Libraries in the News: World’s oldest Bible goes online

Codex Sinaiticus: Song of Songs 1:1-4.
Codex Sinaiticus: Song of Songs 1:1-4.
The Codex Sinaiticus is the oldest known surviving manuscript of the Bible. Copied by four scribes sometime between 325 and 360, the entire Bible is in Greek, the text of the Old Testament being the Septuagint. The manuscript takes its name from the Monastery of St. Catherine in the Sinai desert, where it was discovered in 1844 by a German archaeologist Constantin von Tischendorf who brought a portion of the manuscript to Leipzig University. He returned in 1853 for more. On his final trip to the monastery in 1859, Tischendorf took 694 pages of the Bible, which he brought to St. Petersburg, Russia. The precise terms under which Tischendorf executed these transfers are disputed. In 1933, the Soviet government, desperate for cash, sold the codex to Britain for £100,000. In 1975, an additional 12 pages and 40 fragments were found at St. Catherine’s.

The Codex Sinaiticus is now split between four owners:

  • The British Library in London (347 pages).
  • Leipzig University Library (43 pages).
  • The Monastery of St. Catherine (12 pages and 14 fragments).
  • The Russian National Library in St. Petersburg (fragments of 3 pages).

In 2005, the three libraries and St. Catherine’s agreed to work together to reunite the oldest surviving Bible online. After four years of planning and work, the Bible premiered online this month at http://www.codexsinaiticus.org/en/ . The website is designed to appeal both to scholars and general readers. The site has proven far more popular than the creators anticipated and as a result is still running a little slow. The website features easy navigation and reunites, digitally, for the first time in 165 years one of the most important documents from Christian history.

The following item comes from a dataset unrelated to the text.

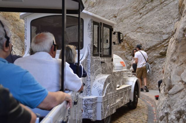 Une fois installés à l’intérieur des wagonnets et équipés d’un audioguide destiné à chaque voyageur, nous avons entrepris la ballade, qui nous a conduit vers les endroits les plus intéressants de la cité ; depuis le Palais des Papes, jusqu’aux rues sinueuses de la vieille ville et au célèbre pont d’Avignon. En quarante cinq minutes, on découvre les principaux lieux emblématiques, dont certains passages délicats, habillement négociés par le chauffeur !

2 thoughts on “Libraries in the News: World’s oldest Bible goes online

  1. JBChristian

    Fascinating! That the British Library and the other 3 libraries are sharing the “oldest known surviving MSS of The Bible.” I have been looking for years to find the text of probably the next oldest MSS Bible. It is reputed to be circa 401-450 A.D. in an Irish university library and has Keltic text, translated from Greek, and interlined between the Keltic text is Jerome’s Vulgate in Latin. Bob Sevigny, Harold Henkel, and other Bible antiquarians, do you know what library in Ireland has this? Its microfilm used to exist in the Library of Congress, and was listed in the LOC holdings in the 1980s; I saw the listing in 1988 or 1989. According to Biola Univ. Library, it still existed in the LOC as of the late 1980s, perhaps microfilmed by Univ. of Michigan, at Ann Arbor. In the early 1990s, it could no longer be found in LOC holdings. Any info would be greatly appreciated. Its existence proves a very important point for Western Christianity, so I would sure like to know if its microfilm is still available.

  2. amberj

    Hello, in reply to JBChristian, I do not know which library in Ireland has the MSS text you have in mind but a good place to start looking might be a Web page such as the one located at: http://lists.webjunction.org/libweb/Ireland.html
    or here: http://www.niceone.com/irl/subcat/5/14/0/0/Universities%20%26%20Colleges.html.
    Each of the links on these pages leads to an online library catalog where searching can be done. Perhaps Dr. Bruce Metzer’s classic text, The Early Versions of the New Testament, may also be a help:, http://books.google.com/books?id=aMwy-0D_6NEC&pg=PA340&lpg=PA340&dq=kells+vulgate+latin+interlinear&source=bl&ots=kLgm6Dq5oY&sig=zo9KrUJZibt9eJfBc92TStbzCJQ&hl=en&ei=tkuUSrrsCdiQtgeuv7RM&sa=X&oi=book_result&ct=result&resnum=6#v=onepage&q=kells%20vulgate%20latin%20interlinear&f=false.